> [Assignment]: From the first line of the data down to and including the line with "So now the NIC", copy everything exactly, leaving out pictures.

##### Stored data

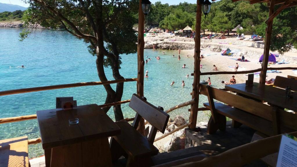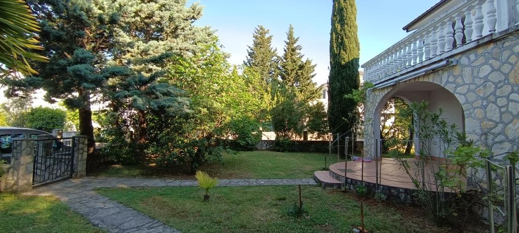 Na Krku u Pinezićima iznajmljujemo kuću pogodnu za 2 obitelji ili do 8 osoba. Ima 3 spavaće sobe, 2 terase, veliki ograđeni vrt, klima uređaj, vlastiti roštilj, parkirno mjesto, podrum. Plaža Jert udaljena je 10-tak minuta piješke i ima obilje prirodnog hlada, šljunčani ulaz u more i dva beach bara s ponudom hrane i pića. U okolici su divlje plaže dostupne i pješice.
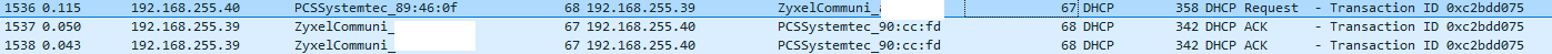 So now the NIC gets this IP 192.168.255.40 for MAC PCSSystemtec_89:46:0f by DHCP which all looks fine gateway 192.168.255.39 with ARP
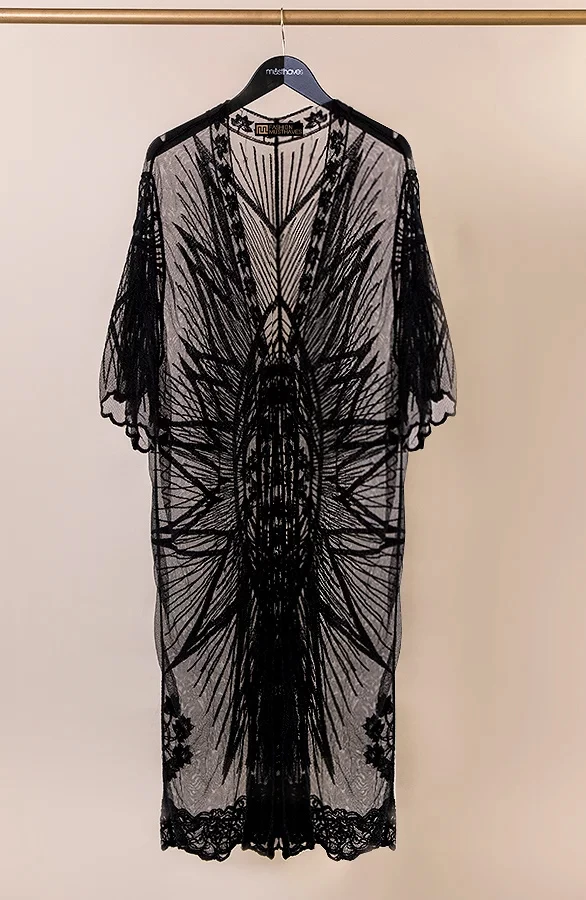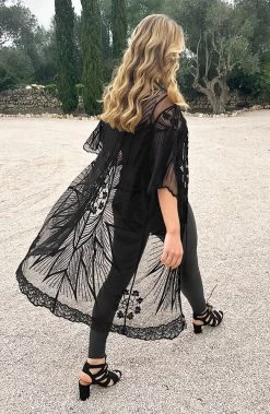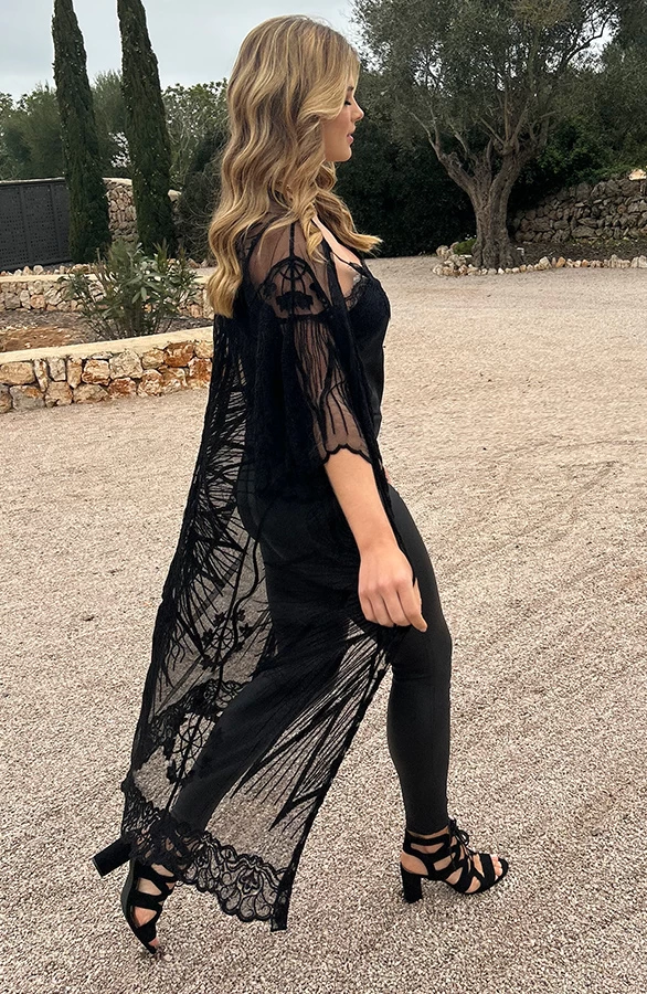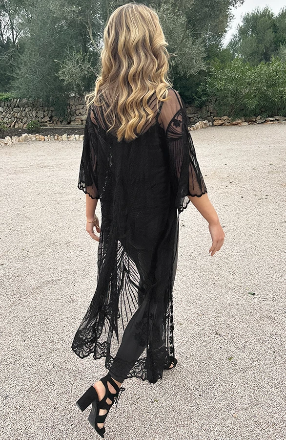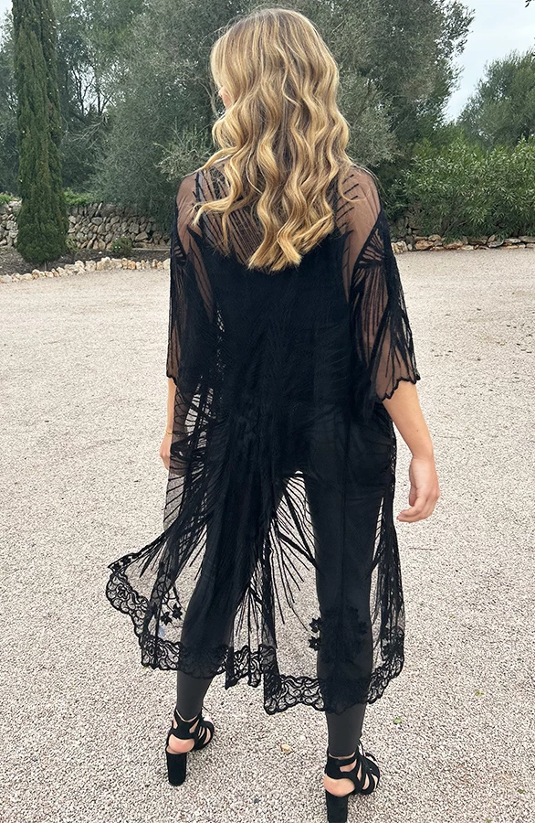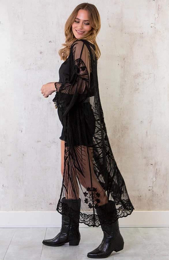 Product: Fashion babes opgelet! Deze kanten kimono is voorzien van kant en een lint om te strikken.
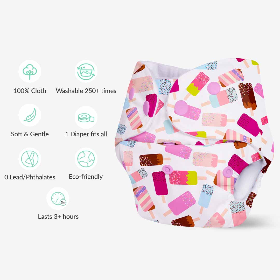 Icecream - BASIC Cloth Diaper, New & Improved with EasySnap & Quick Dry UltraThin Pad

##########

> [Task result]:
 Na Krku u Pinezićima iznajmljujemo kuću pogodnu za 2 obitelji ili do 8 osoba. Ima 3 spavaće sobe, 2 terase, veliki ograđeni vrt, klima uređaj, vlastiti roštilj, parkirno mjesto, podrum. Plaža Jert udaljena je 10-tak minuta piješke i ima obilje prirodnog hlada, šljunčani ulaz u more i dva beach bara s ponudom hrane i pića. U okolici su divlje plaže dostupne i pješice.
 So now the NIC gets this IP 192.168.255.40 for MAC PCSSystemtec_89:46:0f by DHCP which all looks fine gateway 192.168.255.39 with ARP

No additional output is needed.